I started looking into the issue, but even after two hours of looking at every potential issue I could think of I was no closer to understanding what was happening. I communicated this frustrating status on the evening of yesterday, December 10th 2022.

After going through the documentation for the umpteenth time I realized that the processing of the queue was managed by a cronjob. Checking it revealed the following line:

ExecStart=/usr/bin/php7.4 /var/www/pixelfed/artisan horizon

This obviously is a problem, because the application was already using PHP 8.1 and thus running into issues & jobs were failing because of incompatibility issues. Fixing the path and restarting the services immediately caused the server load to spike, up to 20 - which is a good thing, because it meant that the backlog of jobs was being processed. After roughly 30 hours everything was working properly again.

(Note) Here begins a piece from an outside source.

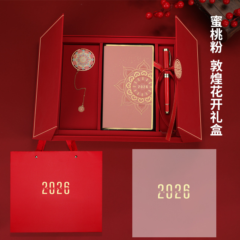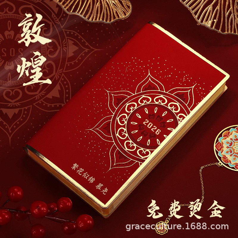 Календарь на весь 2026 год, формат A6, красный китайский Дуньхуан, цветущий подарочный набор

Lessons identified / learned

  • Updating Pixelfed doesn’t simply involve the application itself, it involves the queueing as well. I took note of this for my personal upgrade “guide” to ensure I will look there for troubleshooting support as well, in case it becomes necessary in the future.

  • In case of Pixelfed, webserver- and PHP-logs alone are not enough to triage issues. For Laravel applications that utilize Horizon the application logs are crucial as well. I noted this to make sure I will check there in future instances of debugging.

  • Simply checking if posting to the local instance and seeing if other instances can be found through the search mask does not suffice to ensure full functionality. For future upgrade I’ll make sure to include various tests of federation.


I apologize for the inconvenience, especially for the time it took to identify that things weren’t working as intended. This upgrade went significantly worse than I originally anticipated. I’m confident that the next upgrade won’t be causing that severe of issues - or, at least, I’m better prepared for it.